Book Review
Disabling Laws, Enabling Acts: Disability rights in Britain and America
N Engl J Med 1995; 332:1798June 29, 1995
- Article
Disabling Laws, Enabling Acts: Disability rights in Britain and America
(Law and Social Theory.) By Caroline Gooding. 219 pp. Boulder, Colo., Pluto Press, 1994. $16.95. ISBN: 0-7453-0771-XComparing and contrasting the development and current status of disability legislation in the United States and Britain is an effective way to highlight the major issues. It also adds dramatic impact to a scholarly work. Gooding starts with the premise that disability is to a great extent a concept based on social, political, and historical factors. These factors have a greater role in defining the personal and legal status of someone with a physical or mental impairment than the impairment itself. The medicalization of physical and mental impairments and the paternalism of the welfare state — the dominant philosophies until the early 1970s — combined to establish a status quo that worked against the entry of people with disabilities into society at large. The author demonstrates how activists in the disability movement, patterning their strategy on the approach of the Black Power, feminist, and other social movements, began working toward legislative remedies, which 20 years later culminated in the passage of the Americans with Disabilities Act.

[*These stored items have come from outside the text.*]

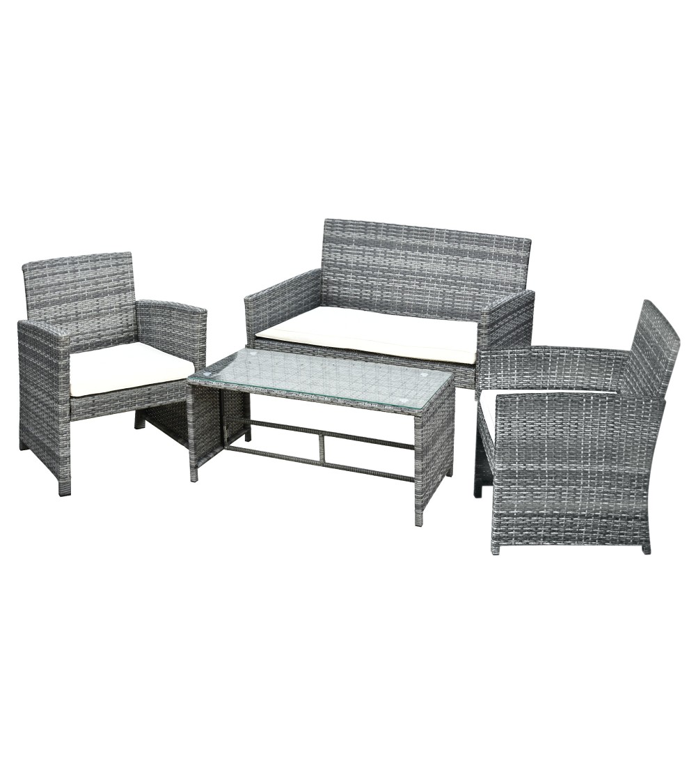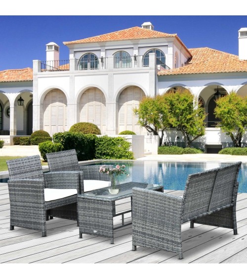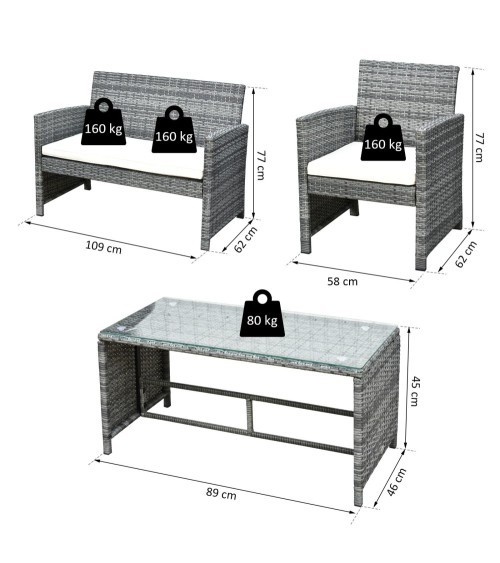 Aimez-vous vivre la nature ? Voulez-vous avoir un salon de jardin en réponse à votre goût pour l'élégance et la modernité ? Etes-vous lassé de votre sofa en cuir ? Alors optez pour ce magnifique salon de jardin qui sublimera votre extérieur ! De quoi épater et installer confortablement votre famille et invités.Caractéristiques :- Design intemporel et élégant- Ensemble salon de jardin 4 places composé d'un canapé, de 2 fauteuils et d'une table basse rectangulaire- Armature en métal recouvert de poudre epoxy anticorrosion- Revêtement en résine tressée imperméable imitation rotin- Coussins d'assise blanc grand confort (tissu polyester 180 g/m²) et déhoussables pour un entretien facile- Rembourrage mousse de 5 cm d'épaisseur et de densité 800 g/m² pour chacun des coussins- Table basse rectangulaire avec plateau supérieur en verre trempé transparentSpécifications :- Couleurs : gris et blanc- Matériaux principaux : métal, résine tressée, polyester et mousse- Dimensions canapé 2 places : 60L x 108l x 77H cm- Dimensions fauteuil 1 place : 60L x 57l x 77H cm- Dimensions accoudoirs : 4l x 57H cm- Dimensions table basse : 75L x 40l x 38H cm- Charge max. recommandée : 160 Kg (fauteuil) / 200 Kg (canapé) et 80 Kg (table)- Réf. : 841-173
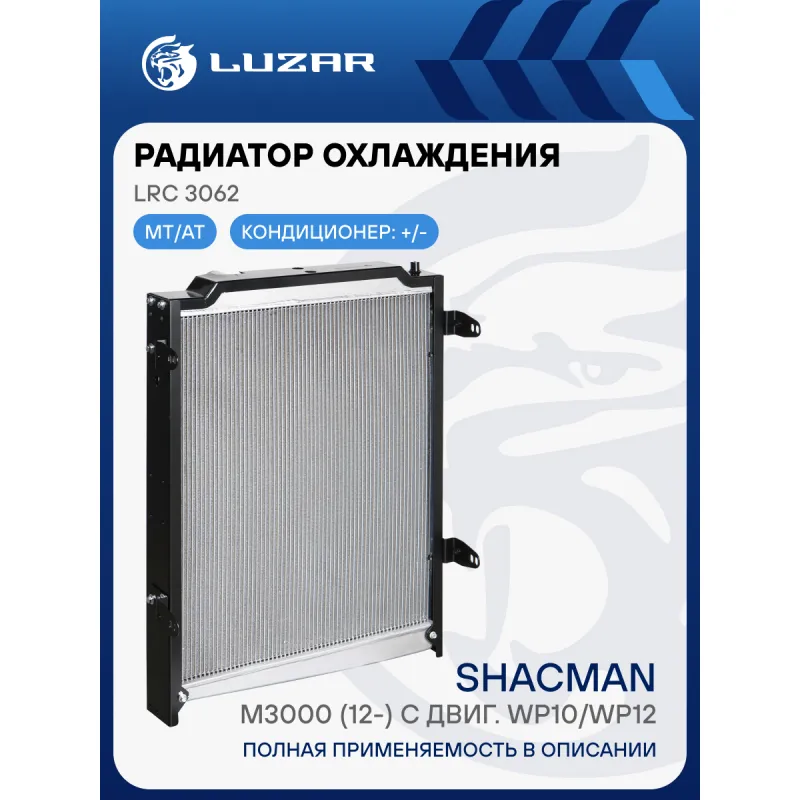 Радиатор охлаждения для а/м Shacman M3000 (12-) с двиг. WP10/WP12 (с рамкой) Характеристики: Артикул: LRc 3062 OEM номера: DZ96259532032 Трансмиссия: MT/AT Кондиционер: +/- Длина сердцевины, мм: 628 Высота сердцевины, мм: 800 Толщина сердцевины, мм: 48 Тип сердцевины: паяная, 2-х рядная Материал сердцевины: алюминий Материал бач... Читать полностью →
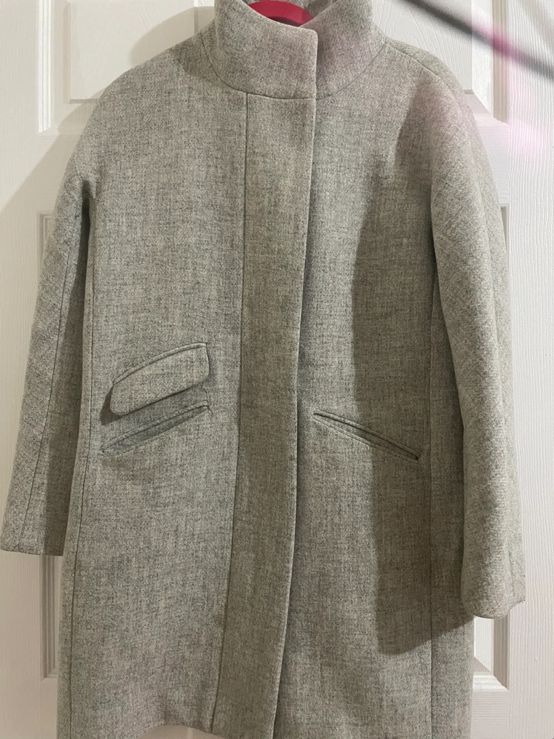 Selling a stylish gray wool coat! It’s in great condition and ready to keep you warm. The material has a nice texture, and it features a unique collar design.

The book then provides an easily followed analysis of the structure and effectiveness of American disability laws, with an emphasis on the tactical and strategic uses of social and political activism. The scene shifts next to Britain, and the author recounts a struggle that has achieved little progress and is marked by the virtual absence of effective enforcement of the few laws that have been passed. People with disabilities have not been able to match even the small gains achieved by women and ethnic minorities, and little change seems likely in the near future. The inability of the European Union to pass meaningful social legislation is documented. Even in this venue, Britain has refused to sign any agreement that might commit the nation to binding social legislation.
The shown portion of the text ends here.